▶ **WHAT NEEDS TO BE DONE**: Repeat the listing exactly. Pictures stay out of your copy.

===== SOURCE DATA =====

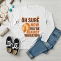Native American Long Sleeve T Shirt, “Now You’re Against Immigration” Statement Shirt
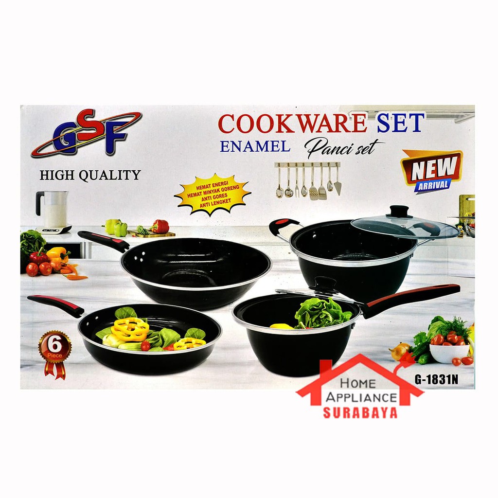 Panci Wajan Set Enamel GSF Cookware Set Tutup Kaca GSF-1831 / GSF1831 / G-1831 N / G 1831 N / G1831N
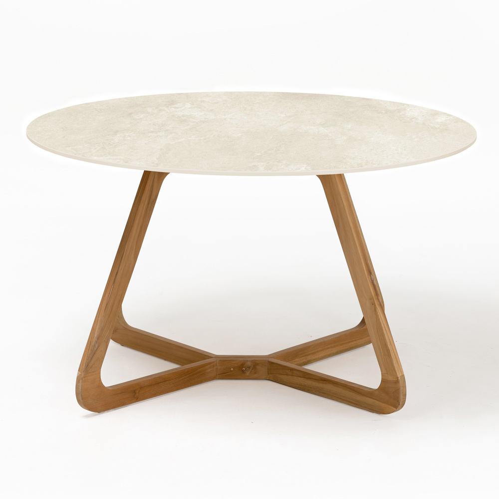 Outdoor table made with a solid natural teak wood base (35 mm thick), infinity stoneware ceramic top (12 mm thick) with a matt Chianca di Ostuni finish and a subframe in Okumé marine plywood , entirely Made in Italy.
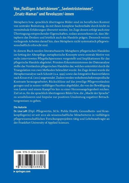 In diesem Buch werden literaturbasierte Metaphern pflegerischen Handelns im Setting der Altenpflege, metaphorische Konzepte sowie zentrale Motive von sechs interviewten Pflegefachpersonen vorgestellt und Implikationen für das pflegerische Handeln abgeleitet. Primäres Erkenntnisinteresse der Datenanalyse stellte das Verständnis pflegerischen Handelns dar, welches unterstützt durch die Triangulation von zwei Methoden beleuchtet wurde. Im Zuge dessen wurde die Metaphernanalyse nach Schmitt (u.a. 1995) sowie das Integrative Basisverfahren nach Kruse et al. (2011) angewendet. Zudem werden wohnbereichsformspezifische Kontraste herausgearbeitet, Rückschlüsse auf das jeweilige Pflegeverständnis gezogen und in seinen vielfältigen Facetten abgebildet, die von der Bewältigung von Lasten und einem Kampf bis hin zu einer Herzensangelegenheit reichen. Ziel ist es, für die sprachlich übertragenen Bilder bzw. die "Macht der Sprache" zu sensibilisieren und Impulse zur positiven Umdeutung negativer Betrachtungsweisen zu geben.

=====

▶ **RESPONSE AREA**:
Native American Long Sleeve T Shirt, “Now You’re Against Immigration” Statement Shirt
 Panci Wajan Set Enamel GSF Cookware Set Tutup Kaca GSF-1831 / GSF1831 / G-1831 N / G 1831 N / G1831N
 Outdoor table made with a solid natural teak wood base (35 mm thick), infinity stoneware ceramic top (12 mm thick) with a matt Chianca di Ostuni finish and a subframe in Okumé marine plywood , entirely Made in Italy.
 In diesem Buch werden literaturbasierte Metaphern pflegerischen Handelns im Setting der Altenpflege, metaphorische Konzepte sowie zentrale Motive von sechs interviewten Pflegefachpersonen vorgestellt und Implikationen für das pflegerische Handeln abgeleitet. Primäres Erkenntnisinteresse der Datenanalyse stellte das Verständnis pflegerischen Handelns dar, welches unterstützt durch die Triangulation von zwei Methoden beleuchtet wurde. Im Zuge dessen wurde die Metaphernanalyse nach Schmitt (u.a. 1995) sowie das Integrative Basisverfahren nach Kruse et al. (2011) angewendet. Zudem werden wohnbereichsformspezifische Kontraste herausgearbeitet, Rückschlüsse auf das jeweilige Pflegeverständnis gezogen und in seinen vielfältigen Facetten abgebildet, die von der Bewältigung von Lasten und einem Kampf bis hin zu einer Herzensangelegenheit reichen. Ziel ist es, für die sprachlich übertragenen Bilder bzw. die "Macht der Sprache" zu sensibilisieren und Impulse zur positiven Umdeutung negativer Betrachtungsweisen zu geben.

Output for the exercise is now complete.